What I'm doing (maybe I don't need that at all, still learning). I have data where each data point is categorized. The trick is that the same point may have multiple categories, so it's not a factor:
y | x | domain
------------------
0 | 1 | dogs,animals
1 | 5 | cats,animals
And I'd like to build a prediction model for y
. I converted this structure (outside R) into logical columns:
y | x | d_dogs | d_cats | d_animals
-----------------------------------
0 | 1 | T | F | T
1 | 5 | F | T | T
and am building a regression model on that. (Categories are nested on themselves, but that's another topic).
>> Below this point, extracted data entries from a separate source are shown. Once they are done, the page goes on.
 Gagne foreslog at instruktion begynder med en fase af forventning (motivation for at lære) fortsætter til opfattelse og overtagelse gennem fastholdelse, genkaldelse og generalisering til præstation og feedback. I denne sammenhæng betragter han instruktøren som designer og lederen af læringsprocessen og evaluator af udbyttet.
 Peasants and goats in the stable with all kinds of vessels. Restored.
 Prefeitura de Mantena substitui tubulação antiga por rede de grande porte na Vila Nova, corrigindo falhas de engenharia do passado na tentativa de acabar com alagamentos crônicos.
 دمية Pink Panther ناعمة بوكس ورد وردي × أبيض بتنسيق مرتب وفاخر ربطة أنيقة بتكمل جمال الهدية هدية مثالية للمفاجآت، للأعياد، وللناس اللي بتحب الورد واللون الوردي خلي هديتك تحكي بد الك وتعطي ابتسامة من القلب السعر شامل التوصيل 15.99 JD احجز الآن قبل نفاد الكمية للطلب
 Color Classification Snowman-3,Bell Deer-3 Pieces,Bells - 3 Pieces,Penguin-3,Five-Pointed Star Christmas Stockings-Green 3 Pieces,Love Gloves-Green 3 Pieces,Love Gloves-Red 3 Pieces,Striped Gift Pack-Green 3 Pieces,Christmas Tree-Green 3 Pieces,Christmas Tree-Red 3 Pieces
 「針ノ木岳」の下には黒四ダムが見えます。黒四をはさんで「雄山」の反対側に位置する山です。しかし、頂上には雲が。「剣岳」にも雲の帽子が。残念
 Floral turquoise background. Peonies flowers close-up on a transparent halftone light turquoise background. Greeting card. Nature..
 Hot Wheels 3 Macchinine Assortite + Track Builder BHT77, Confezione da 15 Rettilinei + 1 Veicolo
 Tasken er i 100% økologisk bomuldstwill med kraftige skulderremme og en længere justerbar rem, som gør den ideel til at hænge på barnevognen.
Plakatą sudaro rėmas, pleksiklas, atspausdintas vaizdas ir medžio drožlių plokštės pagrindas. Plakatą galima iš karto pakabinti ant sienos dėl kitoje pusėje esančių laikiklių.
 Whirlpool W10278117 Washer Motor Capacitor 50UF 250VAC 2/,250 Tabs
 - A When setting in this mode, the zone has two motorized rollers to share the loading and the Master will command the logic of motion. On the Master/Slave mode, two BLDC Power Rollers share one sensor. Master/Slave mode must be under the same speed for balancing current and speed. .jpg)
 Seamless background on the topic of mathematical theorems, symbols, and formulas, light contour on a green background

But some categories have too little data points (all, or almost all values are F
), so I want to remove them. Without dplyr I do:
keep.columns <- sapply(colnames(data), function(n) {
c <- data[,n];
!is.logical(c) || sum(c) > 1
})
data[, keep.columns]
But curious if I can do that easier.
Upvotes: 1
Views: 90
Reputation: 1693
To find columns with trivial (identical) values, you could try this:
df <- data.frame(a = c(1,1,1,1,1), b = c(1,2,3,4,5), c = c("a","a","a","a","a"))
df %>%
summarise_each(funs(n_distinct))
Output:
a b c
1 1 5 1
i.e., cols "a" and "c" have only 1 unique/distinct value
Upvotes: 1
Reputation: 15927
You are basically doing the right thing, but a small simplification is possible:
data[ , !sapply(data, is.logical) | (colSums(data) > 1)]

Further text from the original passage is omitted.